The American Airlines bankruptcy reminded people that we first try to preserve pensions, not just pay for them if they fail. Our efforts on behalf of 130,000 people in American's four plans helped them keep the benefits they'd been promised.

Also in FY 2012, we began a transition to a new generation of PBGC management. They are experienced and talented, and share our commitment to PBGC's missions. Some came from outside the agency; others rose through the ranks. All are energized and have begun to take a fresh look at the agency's work.

We made changes to the way we do some of our most crucial work, in some cases to better meet today's challenges and in others to ensure that we don't repeat past errors. In FY 2012, we completed rework on plans of two companies where our Inspector General had questioned the original benefit determinations. Although the benefit adjustments we made were very slight, errors of any size affect the public's trust. We are correcting them and making changes to ensure that they do not happen again.

Future Retirees Worry

One of PBGC's primary missions under the Employee Retirement Income Security Act (ERISA) is to "encourage the continuation and maintenance of voluntary private pension plans. "It's an obligation we take seriously. The trends are ominous:

45% of private workers have an employer-provided retirement plan, often only a DC plan. Most private workers have no plan. (Graph plots Defined Benefit Only [most prevalent], Both Defined Benefit and Defined Contribution [second most prevalent], and Defined Contribution [least prevalent].)
  • Americans today are spending more years in retirement. They're healthier and more active. That's great news, but, unfortunately, pensions haven't kept up.
  • Many businesses, for competitive and other reasons, continue to reduce their support for retirement plans. Some switch from a defined benefit (DB) plan to a defined contribution (DC) plan that costs less and comes with fewer obligations.  Others offer lump-sum cash payments to employees or retirees to settle the employer's obligations.
  • Left on their own, many people save less, invest less well, and plan less well.  They invest less, they pay higher fees, and they get lower returns.
  • They defer retirement, but still don't have enough for retirement — and they're worried. One poll cited by the Senate Health, Education, Labor, and Pensions Committee says that 92% of people think there is a retirement crisis. They're right to be concerned.

What Can Government Do?

Our workplace retirement system is not provided by government — it's the shared responsibility of companies and individuals. But government can help — and at PBGC we're doing our part.

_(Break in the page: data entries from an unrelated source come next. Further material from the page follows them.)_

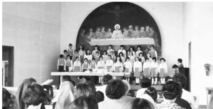
1981: Gira X Región. Concierto Parroquia Purranque.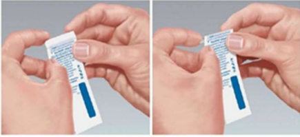
الرسم التوضيحي 1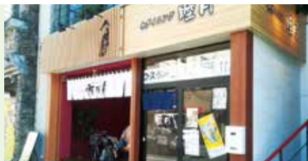
② 和ダイニング睦月 (和食 居酒屋・広小路町13・3)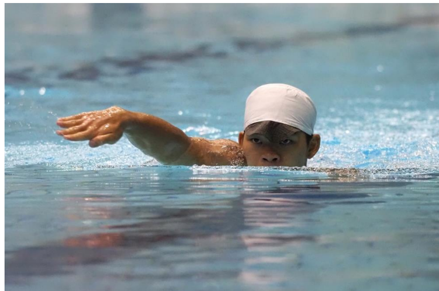
小池流・抜髻正体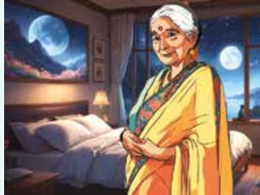
பாக்குப் பாட்டி (யேம்மீ)

அக்காலத்தில் தனிமை என்பதே யாருடைய வாழ்க்கையிலும் ஏற்பட்டதே கிடையாது. வயோதிபர் இல்லம் இருந்திருக்கலாம், ஆனால் கேள்விப்பட்டதே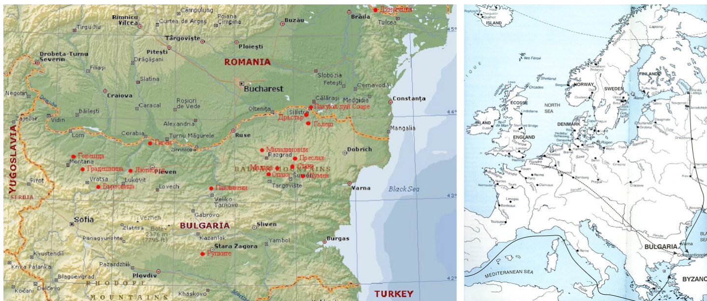
Фиг. 1 Разпространение на археологическите разкопки, свързани с варягите на Балканите (включително и България) – X-XI век и Днепърския воден път (“путь из варяг в греки”)

териалните сведения. Затова целта на втората статия със същото заглавие е да посочи визуално-материалните аспекти на присъствието на викингите в тази част на Европа (Фиг. 1) Все пак уместно е да се съчетае наративния с визуалния компонент в едно изследване, за да изградим доказателство. В частност, подчертахме, че е имало скандинавско присъствие на Балканите, но още не сме го доказали наглед, тоест визуално. Именно това следва да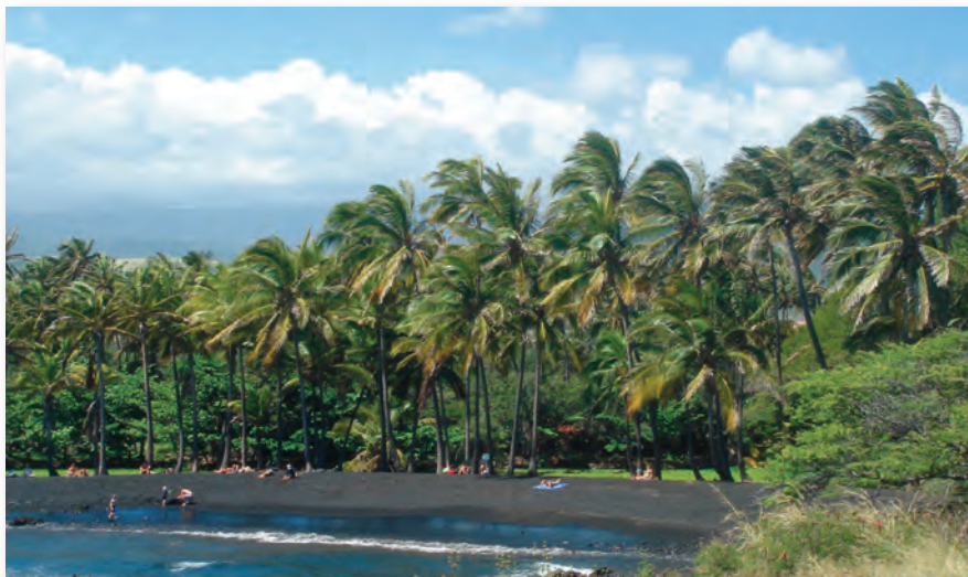
Black Sand Beach på Big Island - Blæst og sågar havskildpadder

Vi aflagde også besøg på toppen af den inaktive vulkan Mauna Kea ( Det Hvide Bjerg ) i 4.200 m højde og kunne her indendørs besigtige et af Keck-teleskoperne med dets 10 m spejl. Kyndige astronomer fortalte samtidig om de seneste astronomiske opdagelser. Afsindigt interessant! Vi så sørme også flere snow-board'ere på toppen, så sne oplevede vi i hvert fald i uge 9. Det blæste heftigt på toppen, og også her blev jeg klog af skade. Jeg havde ikke fået sokker på i mine åbne sandaler. Jeg fik derfor også lynhurtigt næsten dybfrosne tæer i blæsten og al sneen. Nå, men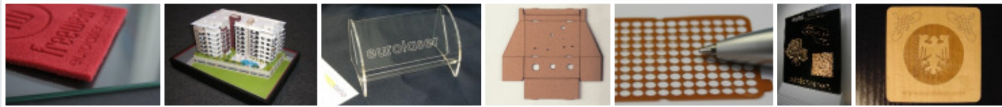
Vlies Architektur/Modellbau Büroartikel Verpackungen Folie Werbeschilder Furnier Intarsien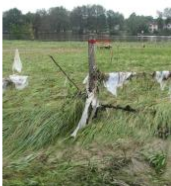
Vue de la laisse - Auteur : SPC SMYL

Altitude calculée de l'eau (en m) : 59.631

Help Preserve the Plans We Have

DB plans still cover over 35 million active workers in private and public sectors. Tens of thousands of companies continue to offer DB pensions.  Many would like to continue to do so, and we're trying to help.

Even before troubled companies enter bankruptcy, we work to protect their plans. And when companies enter bankruptcy, we first seek to preserve their plans if possible — as in the case of American Airlines.

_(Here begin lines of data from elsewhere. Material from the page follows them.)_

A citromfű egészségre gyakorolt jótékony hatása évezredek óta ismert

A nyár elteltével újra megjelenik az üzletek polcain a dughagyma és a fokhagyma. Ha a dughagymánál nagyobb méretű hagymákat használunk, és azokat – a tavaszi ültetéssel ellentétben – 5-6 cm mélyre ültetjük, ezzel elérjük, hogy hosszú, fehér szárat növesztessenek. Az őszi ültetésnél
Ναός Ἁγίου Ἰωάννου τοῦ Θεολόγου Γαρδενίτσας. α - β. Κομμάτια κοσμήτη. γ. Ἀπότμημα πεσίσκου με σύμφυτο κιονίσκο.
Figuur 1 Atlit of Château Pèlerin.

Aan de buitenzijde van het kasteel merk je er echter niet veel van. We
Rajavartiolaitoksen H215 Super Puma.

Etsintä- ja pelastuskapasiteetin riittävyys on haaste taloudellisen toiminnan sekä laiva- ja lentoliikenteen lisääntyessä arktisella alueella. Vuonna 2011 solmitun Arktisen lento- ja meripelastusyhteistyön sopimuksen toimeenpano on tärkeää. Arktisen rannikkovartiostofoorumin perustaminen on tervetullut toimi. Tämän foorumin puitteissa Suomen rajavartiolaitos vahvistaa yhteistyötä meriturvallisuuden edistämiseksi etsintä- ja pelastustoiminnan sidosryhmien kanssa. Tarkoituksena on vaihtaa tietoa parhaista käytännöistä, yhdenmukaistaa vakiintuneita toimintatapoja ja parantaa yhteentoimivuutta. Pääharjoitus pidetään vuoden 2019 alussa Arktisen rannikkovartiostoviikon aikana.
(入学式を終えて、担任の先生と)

At the President's direction, we've made changes to reform or reduce unnecessary regulatory requirements — and we're planning even more.  For sound companies and plans, we're trying to reduce burdens (and premiums) and focus on companies and plans where there's risk. For example, ERISA sometimes requires companies to provide financial assurances for their pensions when they downsize.  Business said the way we enforced the law burdened companies that posed little actual risk — and we agreed.  Now we're focusing enforcement on the minority of cases where there really is a threat.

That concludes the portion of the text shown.